Dataset content section start

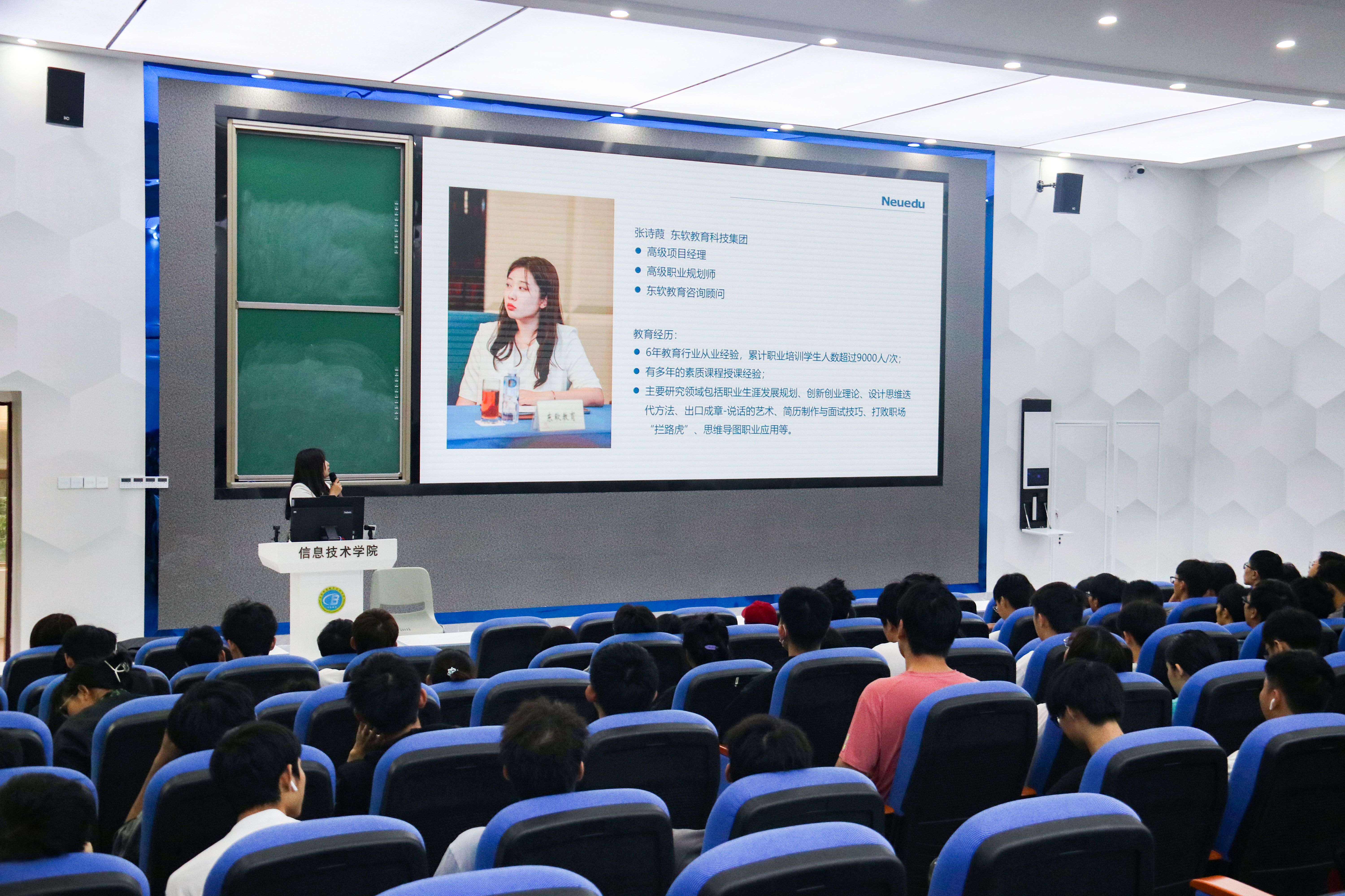 此次宣讲会从东软教育介绍、IT行业介绍和学业规划建议三个方面展开。张经理以东软为切入点展开说明IT行业中的运用到现实的软件、就业区域情况分析以及技术方向分析,让同学们深入了解IT行业的情况。最后,张经理分享了职业生涯规划,举例说明IT行业岗位的职责与要求,激励同学们学好专业知识,紧随时代的大数据发展,让同学们清晰地了解行业发展前景和个人的成长前景。
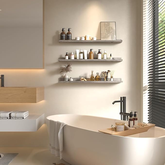 - Nice decoration: This wooden shelving unit features a wooden structure and grey finish, making it a perfect example of minimalist design. You can use these wood floating shelves to display picture frames, small plants, or decorations, and whether itβs a modern or vintage space, this gray wall-mounted shelf will add a touch of elegance and sophistication to your home.
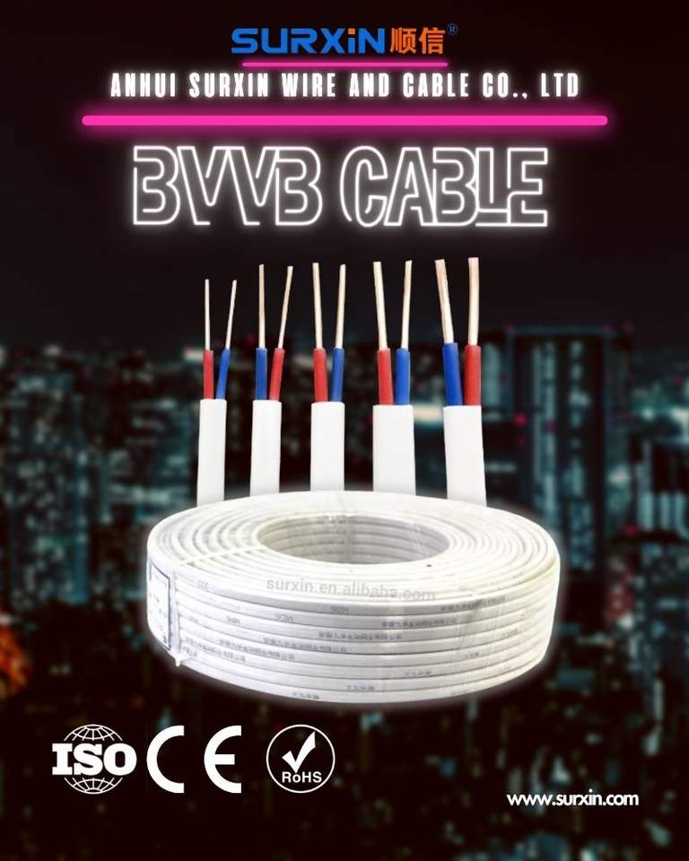 สายเคเบิลปลอกแบน BVVB 2 core 1.5 2.5 4.0mm ² สำหรับพื้นผิวสายไฟภายในบ้าน
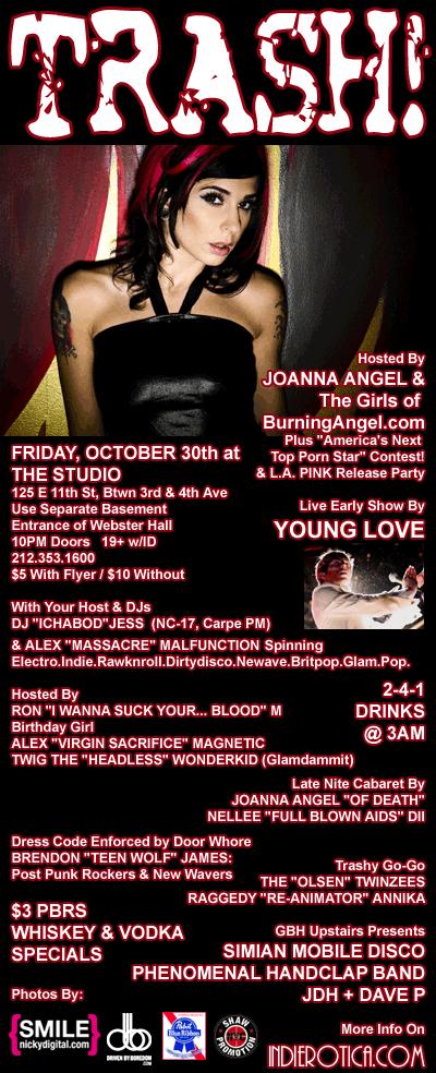 Brooklyn, NY and Los Angeles, CA/ HALLOWEEN 2009 – Queen of Alt Porn and BurningAngel (www.burningangel.com) founder Joanna Angel will be hosting the annual Trash Party at The Studio in NYC on Friday, October 30th 2009 and will also be appearing at Smack!’s Annual Halloween Fetish Ball on Saturday, October 31st 2009.
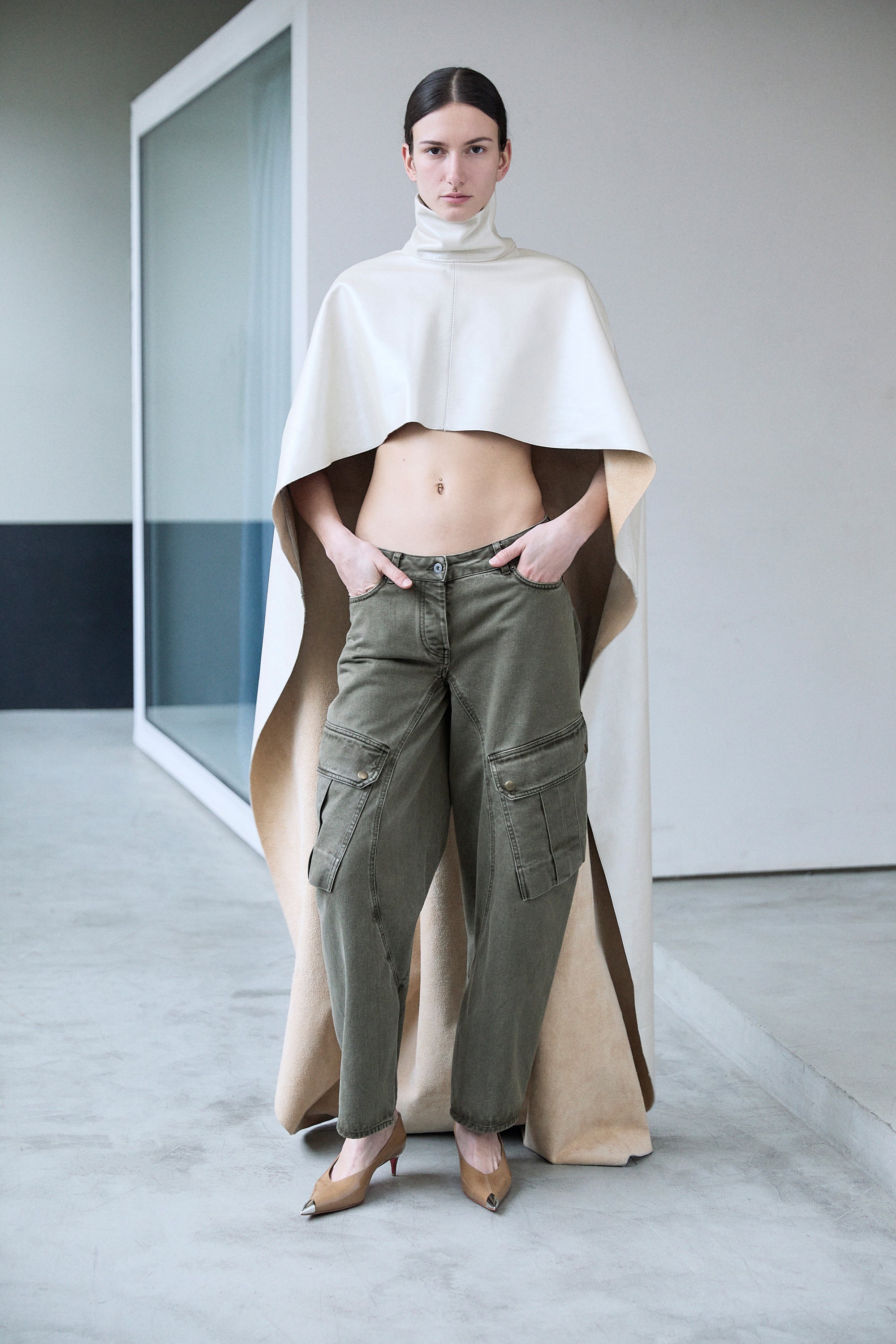 DENIM KHAKI PANTS WITH BALLOON CUT LEGS AND CARGO DETAILS -
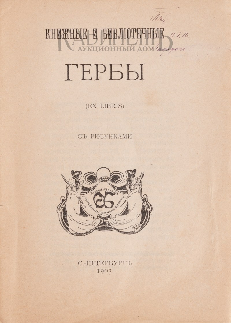 Книжные и библиотечные гербы (exlibris) с рисунками. СПб., типография А.С. Суворина, 1903.
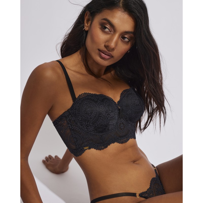 Balconette style bandeau bra. With ring and inner cup with foam. Wide shoulder and non-slip silicone trim. Its spectacular lace design gives it a romantic and bohemian style at the same time. This garment combines sensuality, freshness and elegance, ideal for free and authentic women.

Dataset content section end

Instructions to follow: Exact copies of all the entries, without any pictures, are what the answer must contain.

Reply:
 此次宣讲会从东软教育介绍、IT行业介绍和学业规划建议三个方面展开。张经理以东软为切入点展开说明IT行业中的运用到现实的软件、就业区域情况分析以及技术方向分析,让同学们深入了解IT行业的情况。最后,张经理分享了职业生涯规划,举例说明IT行业岗位的职责与要求,激励同学们学好专业知识,紧随时代的大数据发展,让同学们清晰地了解行业发展前景和个人的成长前景。
 - Nice decoration: This wooden shelving unit features a wooden structure and grey finish, making it a perfect example of minimalist design. You can use these wood floating shelves to display picture frames, small plants, or decorations, and whether itβs a modern or vintage space, this gray wall-mounted shelf will add a touch of elegance and sophistication to your home.
 สายเคเบิลปลอกแบน BVVB 2 core 1.5 2.5 4.0mm ² สำหรับพื้นผิวสายไฟภายในบ้าน
 Brooklyn, NY and Los Angeles, CA/ HALLOWEEN 2009 – Queen of Alt Porn and BurningAngel (www.burningangel.com) founder Joanna Angel will be hosting the annual Trash Party at The Studio in NYC on Friday, October 30th 2009 and will also be appearing at Smack!’s Annual Halloween Fetish Ball on Saturday, October 31st 2009.
 DENIM KHAKI PANTS WITH BALLOON CUT LEGS AND CARGO DETAILS -
 Книжные и библиотечные гербы (exlibris) с рисунками. СПб., типография А.С. Суворина, 1903.
 Balconette style bandeau bra. With ring and inner cup with foam. Wide shoulder and non-slip silicone trim. Its spectacular lace design gives it a romantic and bohemian style at the same time. This garment combines sensuality, freshness and elegance, ideal for free and authentic women.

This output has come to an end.